Hari ini adalah ujian hari ketiga. Wira tidak semangat seperti biasanya. Selain karena
kekurangan tidur, luka lebam yang mengganggu, dan bayangan amarah ayahnya, membuat ia
kehilangan fokus. Ia takut nilai ujian kali ini lebih buruk dari kemarin. Ia takut nilai yang ia
dapat akan membuat ayahnya kecewa lagi. Ia takut nilai ujian kali ini bisa membuat luka yang
lebih besar dari sekadar lebam saja. Tuntutan yang ayahnya berikan sungguh membuatnya
tertekan.

Saat kertas soal ujian dibagikan, ia semakin takut. Keringat dingin membasahi seragam
putihnya. Ia tidak yakin ujiannya akan berjalan baik baik saja dengan kondisinya yang
demikian. Dan tiba tiba saja terlintas di dalam pikirannya untuk 'mencontek' pada buku paket
yang ada di bawah meja nya.

Barangkali, hanya untuk kali ini saja....

Tapi, tiba tiba saja Wira mengurungkan niatnnya karena mendengar ucapan yang seseorang
lontarkan "Nilai itu cuman angka. Nilai hanya sebagai alat ukur objektif apakah kalian sudah
paham materi tersebut atau tidak. Nilai tidak menjadi penting karena di kehidupan sosial akan
banyak cobaan dan rintangan yang lebih sulit daripada sekadar pelajaran di kelas. Dan
kejujuran adalah salah satu kunci kalian dapat menghadapinya. Jadi, untuk sekarang kalian
fokus pada ujiannya, dan kerjakan sesuai kemampuan kalian masing masing. Mengerti?!" ucap
Pak Hilman yang menjadi pengawas ujian pada hari itu.

Wira mematung. Ia tertampar. Ia hampir saja mengubah prinsip hidupnya yang ia tanam sejak
dulu. Benar apa yang Pak Hilman katakan, bahwa nilai itu hanya angka. Kita sendiri pun pasti
bisa membuat angka tersebut sesuka hati. Akan tetapi urusan kemampuan, itu hanya diri kita
yang bisa menilainya. Mencontek sama sekali bukan solusi. Karena sejatinya, apa yang kita
lakukan saat ini pasti berdampak untuk masa depan.

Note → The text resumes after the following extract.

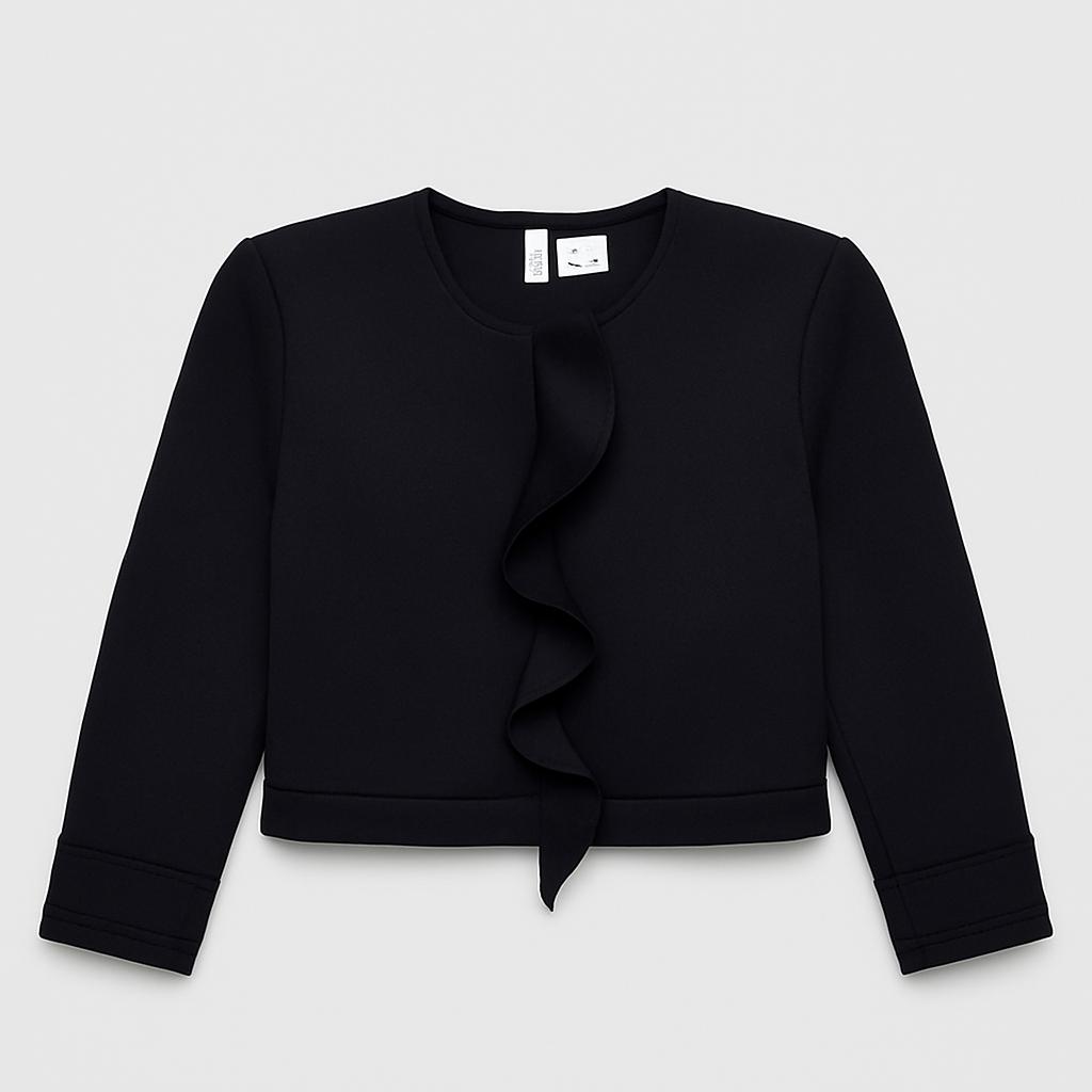Questo elegante cardigan nero è perfetto per le piccole che amano distinguersi! Realizzato in un tessuto morbido e leggermente elasticizzato, offre comfort e stile in ogni occasione. La delicata riga di volant lungo il centro aggiunge un tocco di femminilità, rendendolo ideale per eventi speciali o per completare un look alla moda. Le maniche lunghe lo rendono perfetto per le serate fresche, mentre la chiusura frontale assicura praticità. Nonostante sia un capo usato, presenta ottime condizioni, pronto a diventare il preferito nella routine quotidiana della tua piccola moda!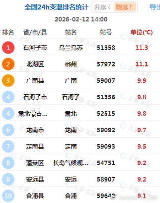 【升温】今天我国大部地区气温回升,14时0℃线已经北抬到了黑龙江西南部,达到了今年以来最北。14时升温榜上,天南海北的站点齐聚一堂。新疆乌兰乌苏升11.3℃、湖南郴州升11.1℃、云南广南升9.9℃、甘肃肃北升9.8℃、江西龙南9.7℃、山东长岛升9.2℃、广西合浦升9.1℃,为各省区14时升温最强站点。

Dengan kesadaran penuh, semangat membara pada diri Wira kembali bangkit lagi. Ia mulai
mengerjakan soal demi soal tersebut tanpa memedulikan tantangan-tantangan di belakang
punggungnya yang begitu berat, Dia percaya bahwa tidak ada proses yang sia sia. Dia percaya,
ia bisa mendapatkan nilai yang memuaskan. Ia percaya pada dirinya sendiri melebihi apapun
siapapun dan bagaimanapun yang terjadi nantinya. Karena setidaknya ia telah berusaha dengan
kemampuan yang ia punya.

Wira akhirnya dapat menyelesaikan ujian tersebut dengan lancar dan tepat waktu. Ia keluar
dari ruang ujian dengan perasaan yang lega, ia akan berserah diri pada Yang Maha Kuasa.
Apapun hasilnya, itulah kemampuannya. Dan ia percaya bahwa untuk kedepannya ia akan
mendapatkan nilai yang lebih baik lagi dari hari ini.